I’m sorry this post is so long, I feel like I’m ramlbling but my head is just all over the place. I don’t even know if I’m looking for advice, or validation, or just others perspectives, but I feel like deep down his behavior is not ok. Even though I don’t have concrete proof he physically cheated. Right now he is constantly texting me and saying “why am I doing this to us, why am I walking out our soon to marriage over silly text messages that mean nothing” and he is somehow turning this around on ME!! And then he plays on my compassionate and loving nature by saying this like, “I’ve lost my dad and my best friends in the accident, but losing you is the worst pain I’ve ever felt. I can’t bare the thought of losing another person I love in my life.” I feel like him saying that is so unfair and it’s like he’s guilting me into staying or something. Playing into his tragic past and using it as a “get out of jail free” card or something. I don’t know. But I am lost, humiliated, angry, sad and scared. Why does he continue to do these things to me?

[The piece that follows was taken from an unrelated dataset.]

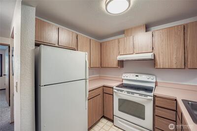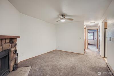 Exceptional value and prime location converge in this spacious, top-floor condo! Enjoy the peace that comes with no neighbors above you & a view of trees out your patio. Highly functional layout & a warm wood-burning fireplace. While move-in ready, this is a rare opportunity to purchase at an accessible price point and customize the interior to your exact taste and style, allowing you to build immediate equity. The condo includes 1 assigned carport parking space and ample guest parking. Pet friendly & perfectly located- you're just minutes from transit, I-405, 167, and Sea-Tac. Below the rental cap, this condo offers great potential for both homeowners and savvy investors seeking an unbeatable entry point! Welcome home.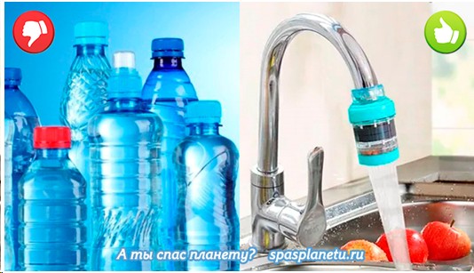 3. Каждый человек ради спасения планеты может покупать очистные фильтры для воды. В этом случае не нужно будет тратиться на привозную бутилированную питьевую воду из пластика. Так не только экономится семейный бюджет, но уменьшается вредное влияние на экологию, вызванное производством бутылок и их транспортировкой.

I know deep in my gut I have to end it, but I’m so scared. It’s scary knowing the person I thought was my soul mate, simply is not. It’s humilating I have to cancel our wedding and call all our vendors and cancel contracts. It’s humilating and embaressing that I have to let all my friends and family know, just after our save the dates went out a few weeks ago. I feel like a failure. I’m 32 years old and I am moving back home with my parents (where I currently am) and I have to figure out a new life. I have no job right now because I was laid off so things are just shitty. All of my friends are married with kids, or in serious relationships so I don’t really have any singles friends to help me through this.
Bees, please help me with some support, advice and encouraging words. Am I doing the right thing by calling this off? And if so, what do I do next? I haven’t eaten in days because I am so devastated and I just need hope that everything will be ok. How does someone cope in a situation like this?